The Study: Three Paradigms, Three Platforms, 729 Tasks
Bechard et al. evaluated three agent paradigms across ServiceNow, GitLab, and ERPNext — representing IT service management, software development lifecycle, and enterprise resource planning respectively 1. The three paradigms were:
- Web agents — operating through graphical interfaces via browser automation
- MCP/tool-augmented agents — using pre-built tool abstractions
- Terminal agents — equipped only with a shell, a filesystem, and API documentation
Each paradigm was tested with multiple foundation models (Claude Sonnet 4, Claude Opus 4, Gemini 2.5 Pro) across 729 total task instances 1.
graph LR
subgraph Paradigms
W[Web Agent<br/>Browser GUI]
M[MCP Agent<br/>Tool Abstractions]
T[Terminal Agent<br/>Shell + API]
end
subgraph Platforms
SN[ServiceNow<br/>330 tasks]
GL[GitLab<br/>192 tasks]
ER[ERPNext<br/>207 tasks]
end
W --> SN
W --> GL
W --> ER
M --> SN
M --> GL
M --> ER
T --> SN
T --> GL
T --> ER
The Numbers: Terminal Agents Win on Cost, Compete on Accuracy
The headline results are striking. Terminal agents achieved the highest or tied success rates in seven of twelve platform–model combinations 1:
| Platform | Terminal Agent | Web Agent | MCP Agent |
|---|---|---|---|
| ServiceNow | 73.6–79.1% | 72.4–77.6% | 11.5–16.1% |
| GitLab | 71.3–80.2% | 81.4–84.6% | 45.2–48.9% |
| ERPNext | 67.6–76.8% | 61.8–81.6% | 55.6–68.9% |
MCP agents lagged significantly on ServiceNow because the available MCP servers lacked tools for service catalogue ordering, page navigation, and dashboard chart reading — task categories accounting for over half the benchmark 1. This is a structural limitation: MCP tool surfaces are only as comprehensive as someone has bothered to build them.

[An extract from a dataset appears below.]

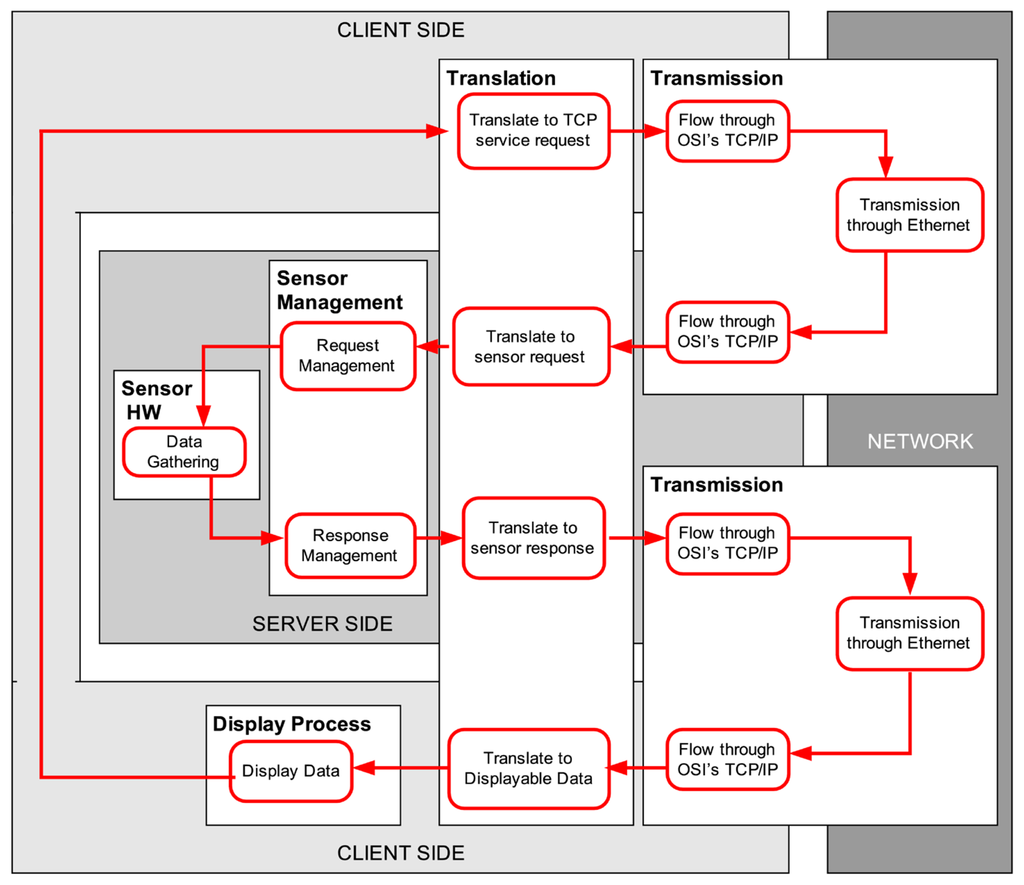 These split times can be measured without much intervention in many networked systems, just by time-stamping at the client interface and at the server side the sensory data being transmitted, which neither involves a significant overload nor requires the use of distributed clock synchronization algorithms. However, this splitting is not always possible. There are a number of reasons for this: (i) the server side might not allow us to time-stamp messages because it is a closed implementation; (ii) if the format of the messages carrying the requested sensor data cannot be modified, they cannot include the time-stamps; and (iii) the clock precision on the server side might not be good enough to distinguish short server delays, which are really common—we cannot allow for zero delays in our approach because of the impossibility of many distributions to explain their occurrence: lognormal, weibull, erlang and gamma are limited to model strictly positive delays in most or all of their parameter configurations.

The cost differential is where the terminal approach truly dominates:
| Platform | Terminal Cost/Task | Web Cost/Task | Ratio |
|---|---|---|---|
| ServiceNow | $0.78–$1.94 | $4.21–$4.49 | 4–6× cheaper |
| GitLab | $0.28–$0.50 | $0.85–$0.88 | 2–3× cheaper |
| ERPNext | $0.46–$0.72 | $3.63–$6.49 | 5–9× cheaper |
The Gemini 2.5 Pro terminal configuration reached 77.5% overall accuracy at $0.09 per task 1 — an order of magnitude below web-agent costs for comparable accuracy.
Why Terminal Agents Win: The API Directness Advantage
The paper’s analysis identifies three structural advantages of the terminal-first approach:
1. No Abstraction Tax
Web agents pay a rendering tax — parsing HTML, waiting for page loads, handling JavaScript-heavy SPAs. MCP agents pay a tool-surface tax — constrained to whatever operations someone has implemented as tools. Terminal agents bypass both by calling REST APIs directly with curl, jq, and standard Unix tooling 1.
2. Composability
A terminal agent can chain arbitrary API calls, pipe outputs through text processing, and write scripts that encode multi-step workflows. This composability is native to the shell, requiring no framework support 1. When a web agent encounters a task requiring three sequential form submissions, it must navigate three pages. A terminal agent writes a three-line script.
3. Debuggability
Every terminal agent action produces a visible command and response. There is no hidden browser state, no invisible tool-server communication. When a task fails, the diagnostic trail is in the shell history 1.
Mapping to Codex CLI: Configuration for API-First Enterprise Work
These findings translate directly into Codex CLI configuration patterns for teams doing enterprise automation.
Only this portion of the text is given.